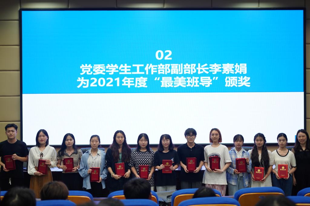 在第二场新生班导培训暨优秀班导经验分享会上,学工部对2021年度“最美班导”进行了表彰,李素娟为各学院获奖代表颁发荣誉证书。“身为班导,我们应不负学校重托、不负学弟学妹信任、不负青春成长宏愿。”马栏山学院谭嘉俊、机电学院吴嘉丽作为2021级优秀班导发言,分享了工作要点、经验与自身感悟。心理健康教育中心毛惠梨老师结合案例,针对新生心理问题识别与处理为班导提供指导,提醒班导应多关注关心新生,及时反馈报告问题。班导培训最后,学生教育管理科科长谭寅寅再次强调了班导工作的重要性,并提出了具体工作要求。
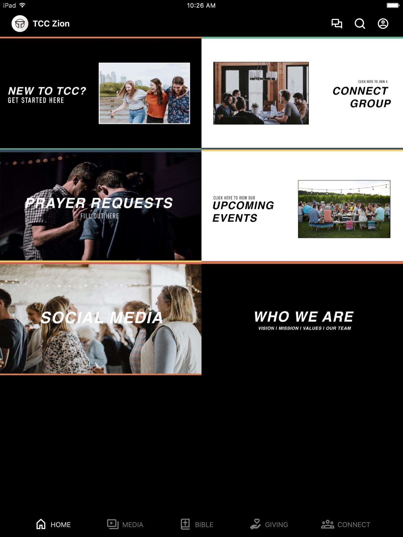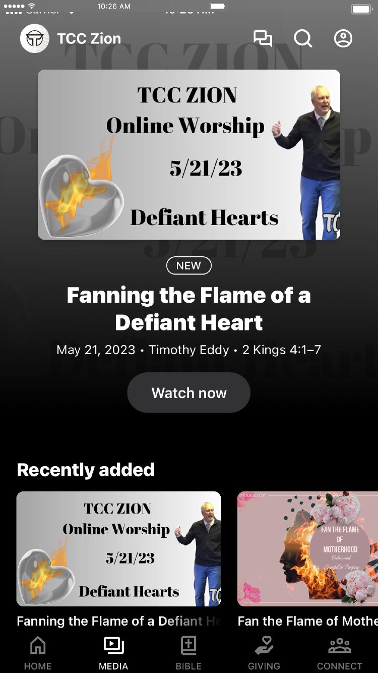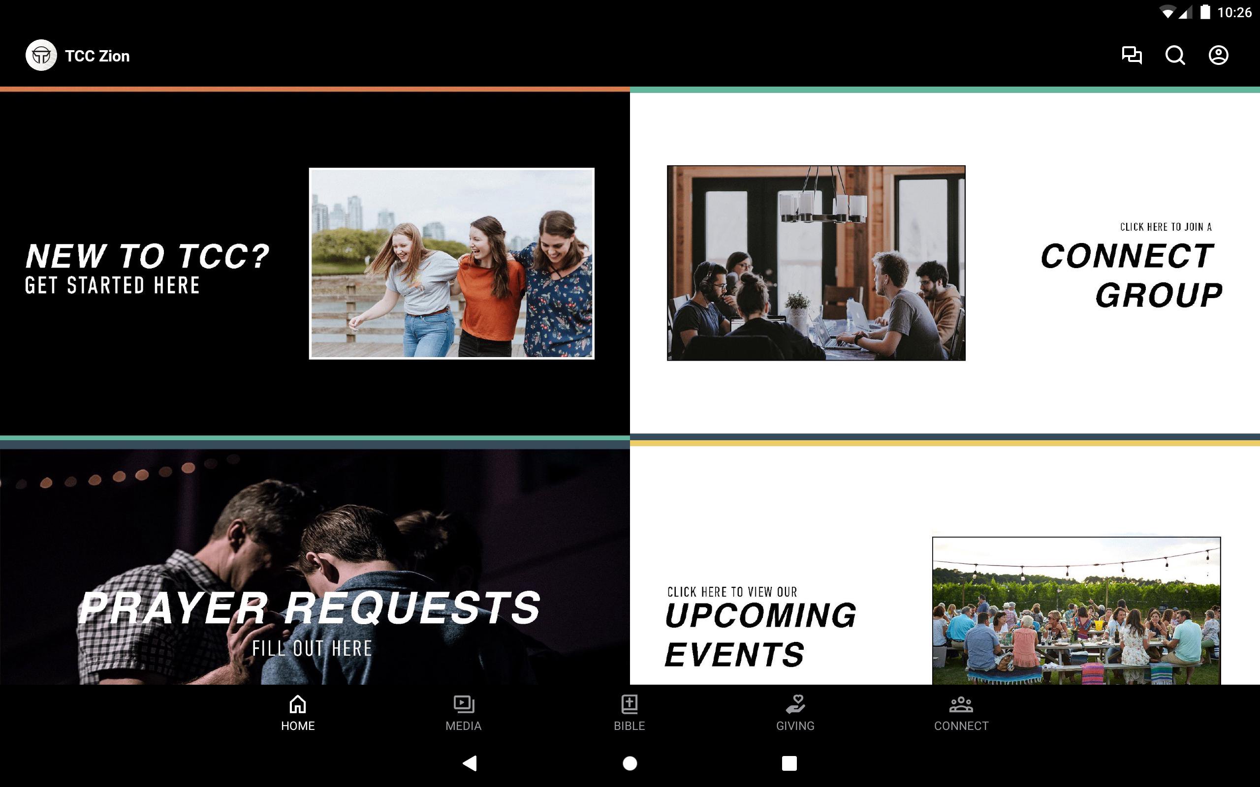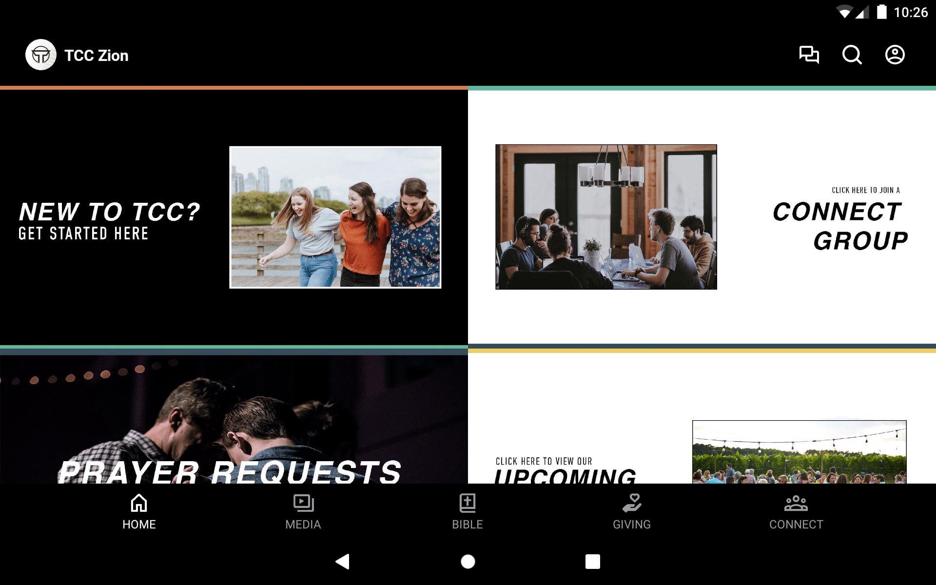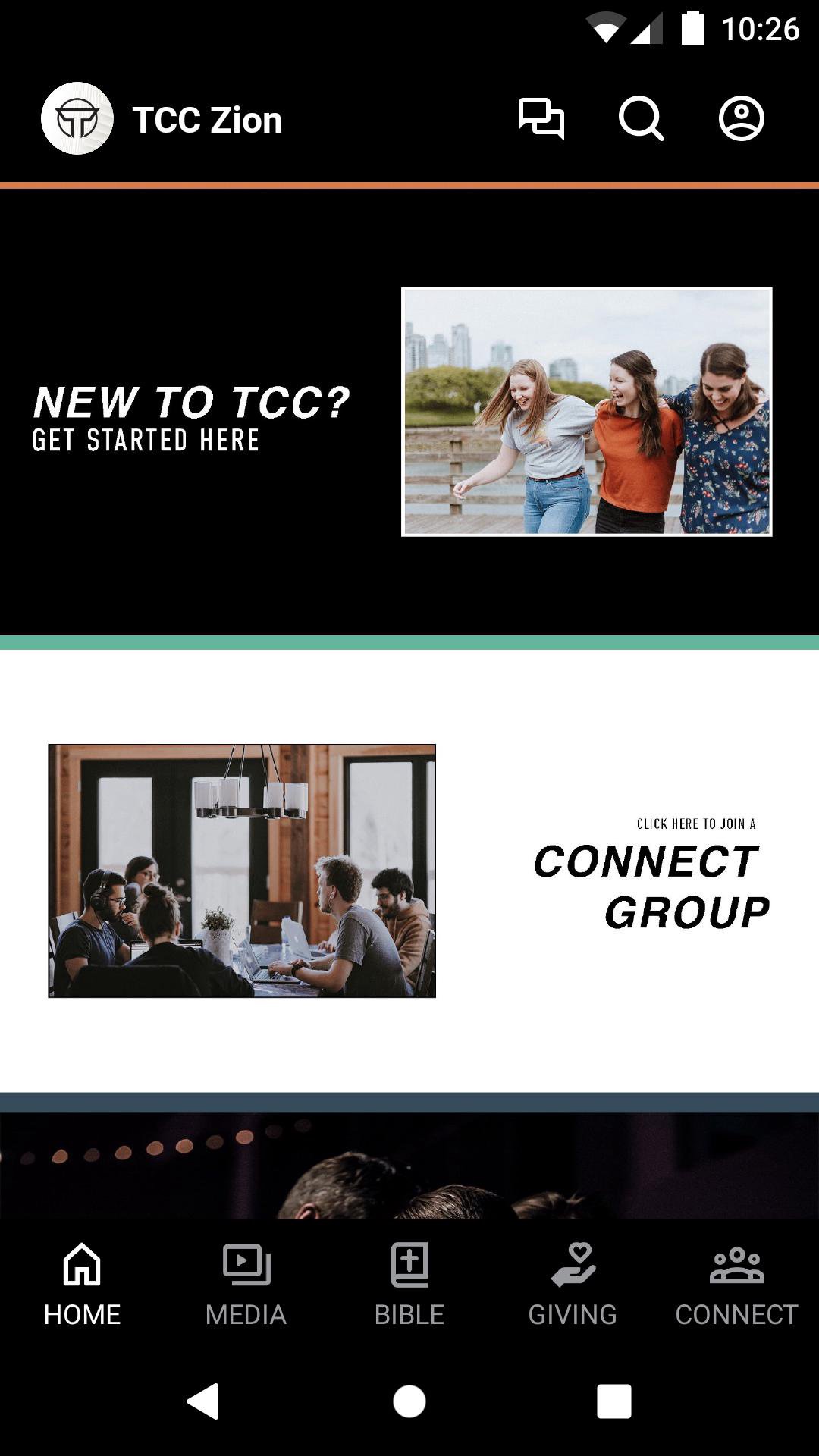 This app will help you stay connected with the day-to-day life of TCC Zion. With this app you can: watch or listen to past messages; stay up to date with push notifications; share your favorite messages via Facebook, or email; and download messages for offline listening.
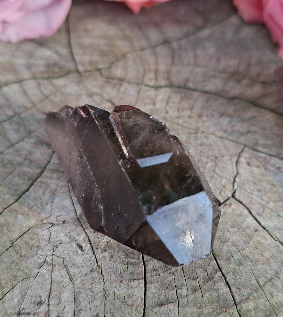 Oboustranně ukončený hrot přírodní záhnědy s viditelným tmavším oknem. Záhněda získává své charakteristické tmavé zbarvení vlivem přírodní radiace, která způsobuje změny v elektronovém uspořádání atomů, a tím i rozdílnou sytost barvy v jednom krystalu.
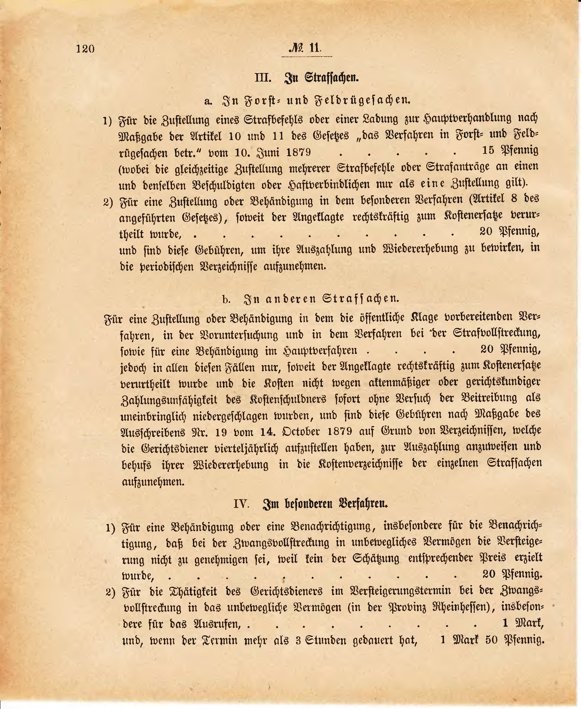 | 1) | Für die Zustellung eines Strafbefehls oder einer Ladung zur Hauptverhandlung nach Maßgabe der Artikel 10 und 11 des Gesetzes "das Verfahren in Forst- und Feldrügesachen betr." vom 10. Juni 1879 |

PROBLEM DESCRIPTION:
Your answer must be an exact copy of the lines from the line with "Oboustranně ukončený hrot" to the final line of the data, both ends included, and no pictures.

TASK SOLUTION:
 Oboustranně ukončený hrot přírodní záhnědy s viditelným tmavším oknem. Záhněda získává své charakteristické tmavé zbarvení vlivem přírodní radiace, která způsobuje změny v elektronovém uspořádání atomů, a tím i rozdílnou sytost barvy v jednom krystalu.
 | 1) | Für die Zustellung eines Strafbefehls oder einer Ladung zur Hauptverhandlung nach Maßgabe der Artikel 10 und 11 des Gesetzes "das Verfahren in Forst- und Feldrügesachen betr." vom 10. Juni 1879 |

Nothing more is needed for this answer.